Rising unemployment rate

Jobs are hard to find in Zimbabwe, especially formal ones. The unemployment rate of the country is running at almost 90%, with possibility that it could rise further. There are more Zimbabweans leaving the country than staying and working, estimated at around three million people, so that they can escape the economic crisis and live a better life outside of Zimbabwe.These people could have stayed and improved the economic status of the country if they were given the chance, though now that they have left, it would be unlikely for them to return unless Zimbabwe has proven to be stable and solid, both politically and economically.

Getting worse

Since the election last July, local citizens say that things have been getting worse. Prices for any basic supply are running high, making local businesses suffer and harder to maintain. Besides this, the unemployment rate is rising and infrastructure is crumbling. A cholera outbreak that has killed at least 30 people in Harare has spread in over 10 of the country’s provinces, making it one of the worst since their previous cholera outbreak back in 2008. Irregularities on the counting of votes during the election and the repression of their people has made major international countries stay away from Zimbabwe.

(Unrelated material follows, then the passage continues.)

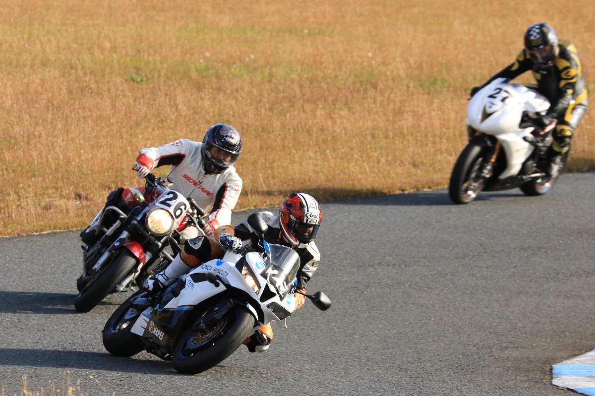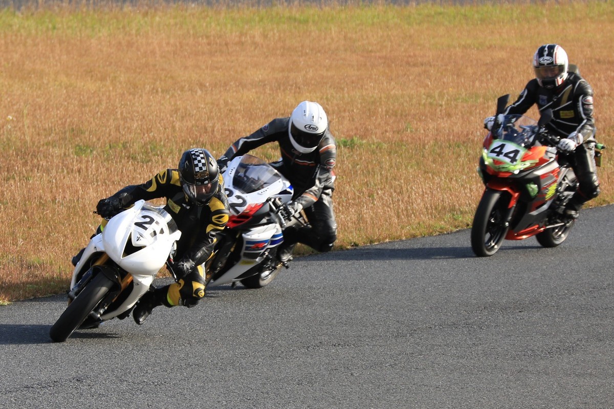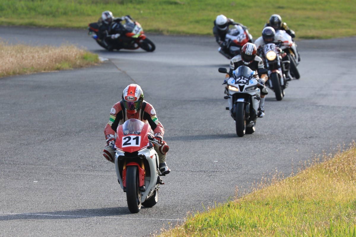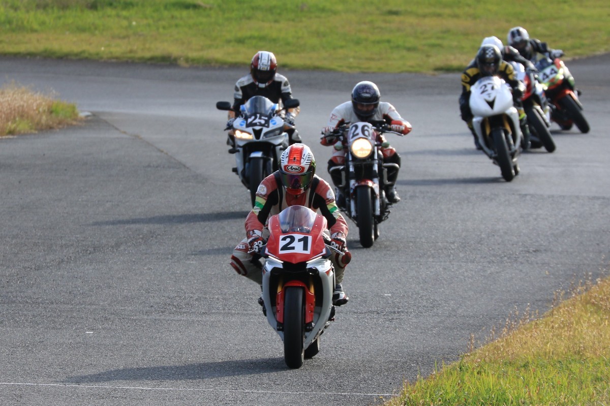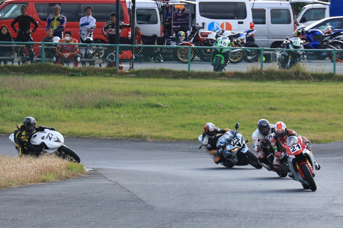 そのままホールショットを奪う。2番手には高坂SV650、3番手には二列目からジャンプアップした富永CBR600RR、4番手に川畑デイトナ675R、5番手に田口GSXR1000、6番手に嶋村Ninja400と続く。

Rebuilding international ties

So, what is the next step for Zimbabwe? For them to progress in solving their economic crisis, their government should open cash injection to the country. While this is a good possibility to consider, a question arises from this solution: where would the money come from? An all Zanu-PF government has kept donors away, especially those who see Emmerson Mnangagwa simply as a replacement for Robert Mugabe.


But last August, a solution presented itself to the Zimbabwean government. Germany’s economic cooperation minister Dr. Gerd Muller met with President Emmerson Mnangagwa to discuss Germany opening its lines of credit to Zimbabwe, nearly 20 years after the regional bloc imposed sanctions on the country that led to the falling out between the two countries (as Germany sided with Britain about the dispute of land reforms in Zimbabwe).


While the topic is merely in talks for now, there have been discussions on forming a joint permanent commission for both sides to explore various fields of cooperation. As Muller said in an article on NewsDay, this partnership will lead to the development and progress of the situation in rural areas and will benefit the country’s agriculture, which has been on a decline since 2009.